Blood pressure was measured with an automatic blood pressure measuring instrument (JAWON Medical Co., Ltd.).
The experimental period was 3 months, 5 minutes daily, during which the blood pressure was measured before treatment, immediately after treatment, and 30 minutes after treatment.

  The control group took an oral antihypertensive agent prescribed by the doctor. The experimental period was about 3 months, and blood pressure was measured once daily.

  During the experiment, people in the HDD group did not use any antihypertensive agent, only the blood pressure lowering device manufactured by JAWON Medical Co., Ltd. On the other hand, people in the control group took antihypertensive agents.

Effect Criteria The treatment effect criteria are divided into three stages according to the level of systolic blood pressure drop, and the treatment effect is judged by percentage.

Very good: When systolic blood pressure drop is 20 mmHg or more Good: When systolic blood pressure drop is about 10-20 mmHg Bad: When systolic blood pressure drop is about 10 mmHg or less

Results The total number of patients who participated in the experiment was 120 in the HDD group and 60 in the control group. The HDD group included 25 men and 35 women, with an average age of 58.9 years (see Table 2)

Table 2

  The control group included 28 males and 32 females among the 60, with an average age of 58.2 years. (See Table 3)

Table 3

  Of the 60 people in the HDD group, 18 were classified as high blood pressure stage 1, 37 were classified as stage 2, and 5 were classified as stage 3. Of the 60 controls, 18 were classified as hypertensive stage 1, 32 were classified as stage 2, and 10 were classified as stage 3. (See Table 4)

Table 4

Treatment effect of hypertension stage 1 and 2
In the HDD group, there were a total of 55 patients with high blood pressure in stages 1 and 2, of which 25 (45.5%) were very good and 23 (41.8%) were good, resulting in a total of 48 (87.3%). Gave effective treatment results, only 7 (12.7%) showed bad results. (See Table 5)
On the other hand, in the control group, there were a total of 50 hypertensive patients at hypertension stage 1 and 2, of which 23 (46.0%) were very good after taking oral antihypertensive drugs, and 21 (42.2%) were good A total of 44 people (88.0%) gave effective treatment results, and only 6 people (12.0%) gave bad results. (See Table 5)

Table 5

  In the cases of hypertension stages 1 and 2, only a slight difference was seen between the HDD group and the control group.

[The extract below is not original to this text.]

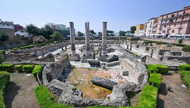 Si trova nel Comune di Pozzuoli: era il Macellum, cioè il mercato pubblico della antica città Romana. Viene chiamato Tempio di Serapide perché nel 1750, durante i primi scavi, fu rinvenuta una statua del dio egizio Serapide. Nei secoli è diventato il simbolo del bradisismo flegreo: negli anni Sessanta, ad esempio, il suo pavimento si trovava al di sotto del livello del mare. Oggi invece il pavimento si trova sopra il livello del mare. Per secoli, anche dal punto di vista scientifico, ha rappresentato un indice importante per misurare l’innalzamento o l’abbassamento del suolo conseguenti al bradisismo. La struttura, che si trova vicinissimo al porto, risale al I-II secolo d.C., ha un cortile a pianta quadrata con un porticato. Vi si affacciano le botteghe, con una conformazione simile ad altri mercati pubblici antichi. Ma in qualche modo, “grazie” al bradisismo che lo ha tenuto sommerso per molto tempo, il Tempio di Serapide è tra i mercati meglio conservati. Al momento le visite sono sospese, ma è possibile vederlo dall’esterno.

Treatment effect of hypertension stage 3
In the HDD group, there are 5 hypertensive patients at high blood pressure stage 3, of which 5 hypertensive patients at high blood pressure stage 3 have a hypotensive device, and the blood pressure drop of 5 hypertensive patients is less than 10 mmHg. It was.
The control group had 10 patients with hypertension stage 3 hypertension, of whom 7 (70%) had high blood pressure after taking antihypertensive drugs and 3 (30%) had poor treatment Gave the result. (See Table 6)

Table 6

Comparison of therapeutic effects
Out of a total of 60 high blood pressure patients in the HDD group, 48 (80.0%) obtained effective treatment results using vice for the reduction of hypertension according to the present invention, while 51 (85.0%) in the control group decreased blood pressure. Effective treatment results were obtained after taking the drug. (See Table 7)

CONCLUSION As described above, the disclosed device provided cold stimulation to the carotid sinus of 120 hypertensive stage 1, 2, and 3 hypertensive patients. The summary of the above results is as follows.
In the HDD group, 87.3% of hypertensive stage 1 and 2 hypertensive patients achieved effective treatment results by vice with hypotension according to the present invention, and in 88.0% of control hypertensive stage 1 and 2 hypertensive patients After taking the antihypertensive agent, effective treatment results were obtained, so the HDD group and the control group showed similar treatment effect.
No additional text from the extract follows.